I did not take photos of every quilt, unfortunately (distracted by people), but this is a strong show, well worth visiting for, although I would have liked shorter statements about each quilt hanging with them and in the gallery guide, which should be available this week. I missed Sherry Davis Kleinman and Marion Coleman’s pieces (there were always people standing in front of them). They did have us write longer statements for the docents; presumably if you were in the gallery, someone could produce a book of those for you to read. There is a hope that this show will travel, but perhaps you will have to travel to it…it’s at VAM through April 4.

The Place You Go…

I’m sitting here (Sunday night) waiting for the laundry to finish so I can put the girlchild’s soccer stuff in the dryer for tomorrow morning. I’m actually kind of wide awake…must have been that 26-minute nap I took this afternoon when I realized I couldn’t keep my eyes open. That’s the problem with hike days…they do kick my ass and I get very little else done, which is why I can’t do them every weekend. I can’t lose a day every weekend.

This is a 3-day weekend, though, so I still have tomorrow (Monday, yes I started this on Sunday night) to play catch up. I had a rough day yesterday. I actually cried on the hike…usually I don’t, but strangely, being in a group that large was isolating for someone like me. I’m not an extrovert at all. I need space, both mental and physical. I felt like some alien creature. It was so loud and raucous and overwhelming…I had to strike out on my own and physically super-challenge my body so my mind wouldn’t freak out. I have an event coming up with a lot more people than that…and I’m worried about my ability to deal. It’s strange…I spend all day with tons of people, but I don’t feel so out of place with my students…they are safe. I can handle interactions with them. Interactions with large groups of strangers? Fuck that. I’d rather stay home. I will be that crazy cat lady who never leaves the house if I’m not careful. The hike was redeemed slightly by the last 30 minutes spent talking to one other person. I can handle interactions like that, but you have to have something in common or at least something you can talk about.

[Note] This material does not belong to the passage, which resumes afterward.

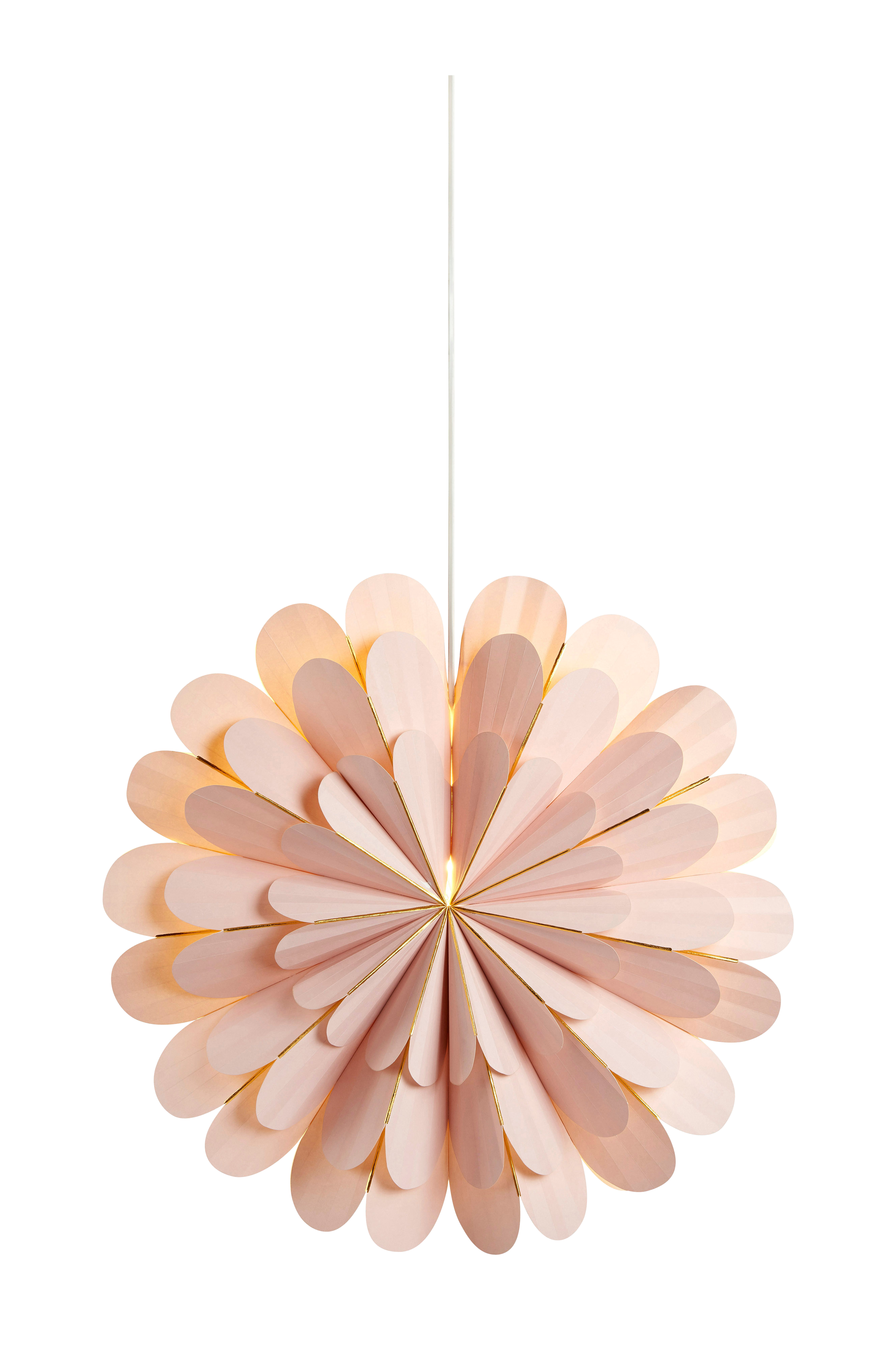 Pendel med skærm i papir i blomsterfacon. Diameter 60 cm og dybde 18 cm. Det foldede papir giver et smukt lysskær. Lyskilden skal have lille sokkel (E14) på maks. 25 W eller tilsvarende i LED, medfølger ikke. 3,5 meter lang ledning med afbryder.

It was a relief to come home after the hike and space out for hours, grade some papers, hang with my kids, cut out some Wonder Under. I appreciate the physical exertion and being out in nature, but hanging out in groups isn’t making me happy. Then again, nothing much is making me happy.

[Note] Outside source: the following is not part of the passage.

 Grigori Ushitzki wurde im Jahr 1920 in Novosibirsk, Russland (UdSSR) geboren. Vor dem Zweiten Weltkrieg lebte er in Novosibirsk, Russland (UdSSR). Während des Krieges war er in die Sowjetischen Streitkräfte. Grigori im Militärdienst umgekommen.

So in the middle of this post, the rant came through and became its own post, and then I went to the gym to try to leave some of my irritation and anger there instead of carrying it around. I’m debating calling the doctor (hemorrhage!), I need to find eye doctor paperwork for the kids, I haven’t prepped for tomorrow, I need to go to school to check for lab supplies, but I can’t get out of my driveway, because they are in fact digging holes in my front yard so my toilets might work properly someday. I’m wondering if I will ever stop grinding my teeth, if my eyelid will ever stop twitching, if I will ever sleep properly again.

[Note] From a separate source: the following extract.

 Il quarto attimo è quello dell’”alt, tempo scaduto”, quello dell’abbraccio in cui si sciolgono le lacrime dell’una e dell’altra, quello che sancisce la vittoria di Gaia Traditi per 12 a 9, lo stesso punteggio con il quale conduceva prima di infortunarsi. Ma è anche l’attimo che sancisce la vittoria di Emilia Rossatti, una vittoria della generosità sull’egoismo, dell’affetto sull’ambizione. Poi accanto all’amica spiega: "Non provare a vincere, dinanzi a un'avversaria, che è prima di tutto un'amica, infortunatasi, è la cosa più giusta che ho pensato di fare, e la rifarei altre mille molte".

The part I was having issues with was people making assumptions about other people based on how they behave or look or are labeled. I’m constantly amazed by how different people are than what they project…my leach-field guy looks like a redneck, talks like a redneck, and then starts talking to me about the Lord of the Rings trilogy and how many times he’s read it and whether Smaug is the coolest dragon around or what. The guy is 64 and you’d never think to look at him that he could have slogged through that series (god knows I haven’t been able to after multiple tries). You cannot make assumptions about people. You have to talk to them and listen to them and turn on the part of your brain that pays attention to someone besides your arrogant self, and only then can you make any decisions about people, and you still have to leave open the possibility that you are completely wrong. Maybe I know that from teaching middle school for so many years. Maybe I’m just that kind of tolerant person. I don’t know. I just know that it’s not OK to hurt other people. And sometimes people think your emotions are hurting them, but it is really their response to your emotions that’s the issue. I had the girlchild full on screaming at me this morning and I realized that she was having the same issue…her emotional reaction to what I had said was hers and hers alone. I was not the cause of the screaming. She was. Granted she’s a teenager and doesn’t modulate her responses well…she’s not Asperger’s, but teens often have this idea that they are the only people on the planet (shocking!) and it can manifest in similar ways. “My way is the only way.” Boychild and I often have discussions about her inability to realize there are other people in the world who might not have the same priorities as she does. In this case, I let her stomp off and slam a door, and then she came back and it was eventually all OK. I wonder what it will be like when they are both gone and I no longer have to tiptoe around those kinds of emotional outbursts. I wonder if her roommates will survive! I wonder if having the girlchild as his sister has helped the boychild navigate emotions any better…god knows they are full on in his face on a regular basis. His sister screams. His mom cries.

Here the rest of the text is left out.